• Dataset records:

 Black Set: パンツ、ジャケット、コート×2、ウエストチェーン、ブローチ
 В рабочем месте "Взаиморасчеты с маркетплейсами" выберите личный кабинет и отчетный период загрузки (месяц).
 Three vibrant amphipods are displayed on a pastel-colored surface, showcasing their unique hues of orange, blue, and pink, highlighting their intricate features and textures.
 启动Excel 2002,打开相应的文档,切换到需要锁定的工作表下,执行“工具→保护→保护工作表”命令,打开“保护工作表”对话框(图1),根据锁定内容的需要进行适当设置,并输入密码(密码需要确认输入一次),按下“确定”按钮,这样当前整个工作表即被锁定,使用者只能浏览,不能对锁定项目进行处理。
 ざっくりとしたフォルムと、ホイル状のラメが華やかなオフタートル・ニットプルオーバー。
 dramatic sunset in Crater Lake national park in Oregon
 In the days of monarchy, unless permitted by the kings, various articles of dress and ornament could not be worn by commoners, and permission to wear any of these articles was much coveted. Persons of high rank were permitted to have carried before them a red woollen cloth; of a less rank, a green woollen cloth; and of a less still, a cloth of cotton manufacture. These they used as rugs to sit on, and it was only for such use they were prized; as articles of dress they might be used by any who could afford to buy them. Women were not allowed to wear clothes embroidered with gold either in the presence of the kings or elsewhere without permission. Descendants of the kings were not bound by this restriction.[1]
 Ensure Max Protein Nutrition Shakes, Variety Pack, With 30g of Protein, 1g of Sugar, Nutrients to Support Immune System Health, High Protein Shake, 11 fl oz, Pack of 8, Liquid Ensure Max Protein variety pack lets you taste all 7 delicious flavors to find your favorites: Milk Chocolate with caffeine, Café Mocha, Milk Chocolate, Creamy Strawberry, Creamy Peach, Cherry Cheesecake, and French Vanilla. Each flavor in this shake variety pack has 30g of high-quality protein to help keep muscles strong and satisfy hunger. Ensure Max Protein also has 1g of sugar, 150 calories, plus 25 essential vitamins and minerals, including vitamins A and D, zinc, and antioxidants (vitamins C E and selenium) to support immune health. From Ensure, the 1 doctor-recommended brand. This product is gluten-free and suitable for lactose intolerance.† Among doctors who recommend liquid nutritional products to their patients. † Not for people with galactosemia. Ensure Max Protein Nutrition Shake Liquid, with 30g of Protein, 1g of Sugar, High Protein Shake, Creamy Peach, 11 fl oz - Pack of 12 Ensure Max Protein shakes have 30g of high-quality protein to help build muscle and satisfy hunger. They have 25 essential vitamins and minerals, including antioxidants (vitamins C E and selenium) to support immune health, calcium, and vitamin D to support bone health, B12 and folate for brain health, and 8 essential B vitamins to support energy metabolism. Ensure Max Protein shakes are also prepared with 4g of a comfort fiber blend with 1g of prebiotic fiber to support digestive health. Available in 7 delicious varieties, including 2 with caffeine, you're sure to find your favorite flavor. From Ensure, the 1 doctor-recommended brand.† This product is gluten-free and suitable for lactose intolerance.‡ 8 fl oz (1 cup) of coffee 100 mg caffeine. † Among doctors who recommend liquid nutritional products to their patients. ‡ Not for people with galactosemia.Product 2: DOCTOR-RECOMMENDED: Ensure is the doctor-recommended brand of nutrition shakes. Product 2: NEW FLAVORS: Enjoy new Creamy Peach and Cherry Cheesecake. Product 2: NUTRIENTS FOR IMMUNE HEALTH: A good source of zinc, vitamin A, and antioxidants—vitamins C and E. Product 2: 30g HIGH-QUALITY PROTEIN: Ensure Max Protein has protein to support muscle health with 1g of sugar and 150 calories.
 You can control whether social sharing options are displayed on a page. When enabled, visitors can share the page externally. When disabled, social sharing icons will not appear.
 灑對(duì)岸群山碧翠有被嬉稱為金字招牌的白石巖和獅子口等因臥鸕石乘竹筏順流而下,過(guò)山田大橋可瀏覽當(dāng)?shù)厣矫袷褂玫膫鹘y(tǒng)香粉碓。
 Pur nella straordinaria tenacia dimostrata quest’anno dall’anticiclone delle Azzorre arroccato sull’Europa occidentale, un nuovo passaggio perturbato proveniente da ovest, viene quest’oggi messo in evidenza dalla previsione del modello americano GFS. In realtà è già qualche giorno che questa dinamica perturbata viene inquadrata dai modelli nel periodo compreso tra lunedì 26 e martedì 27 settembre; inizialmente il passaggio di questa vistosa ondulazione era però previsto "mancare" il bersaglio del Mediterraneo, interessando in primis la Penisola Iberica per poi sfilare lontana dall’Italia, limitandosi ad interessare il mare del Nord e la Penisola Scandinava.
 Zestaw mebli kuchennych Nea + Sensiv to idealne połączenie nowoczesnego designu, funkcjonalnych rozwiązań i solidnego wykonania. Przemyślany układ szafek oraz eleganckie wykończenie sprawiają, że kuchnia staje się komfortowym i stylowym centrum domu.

• Work to complete: Word for word, reproduce the listing above from its start up to and including the line that has "In the days". Give only those lines.

• Final answer:
 Black Set: パンツ、ジャケット、コート×2、ウエストチェーン、ブローチ
 В рабочем месте "Взаиморасчеты с маркетплейсами" выберите личный кабинет и отчетный период загрузки (месяц).
 Three vibrant amphipods are displayed on a pastel-colored surface, showcasing their unique hues of orange, blue, and pink, highlighting their intricate features and textures.
 启动Excel 2002,打开相应的文档,切换到需要锁定的工作表下,执行“工具→保护→保护工作表”命令,打开“保护工作表”对话框(图1),根据锁定内容的需要进行适当设置,并输入密码(密码需要确认输入一次),按下“确定”按钮,这样当前整个工作表即被锁定,使用者只能浏览,不能对锁定项目进行处理。
 ざっくりとしたフォルムと、ホイル状のラメが華やかなオフタートル・ニットプルオーバー。
 dramatic sunset in Crater Lake national park in Oregon
 In the days of monarchy, unless permitted by the kings, various articles of dress and ornament could not be worn by commoners, and permission to wear any of these articles was much coveted. Persons of high rank were permitted to have carried before them a red woollen cloth; of a less rank, a green woollen cloth; and of a less still, a cloth of cotton manufacture. These they used as rugs to sit on, and it was only for such use they were prized; as articles of dress they might be used by any who could afford to buy them. Women were not allowed to wear clothes embroidered with gold either in the presence of the kings or elsewhere without permission. Descendants of the kings were not bound by this restriction.[1]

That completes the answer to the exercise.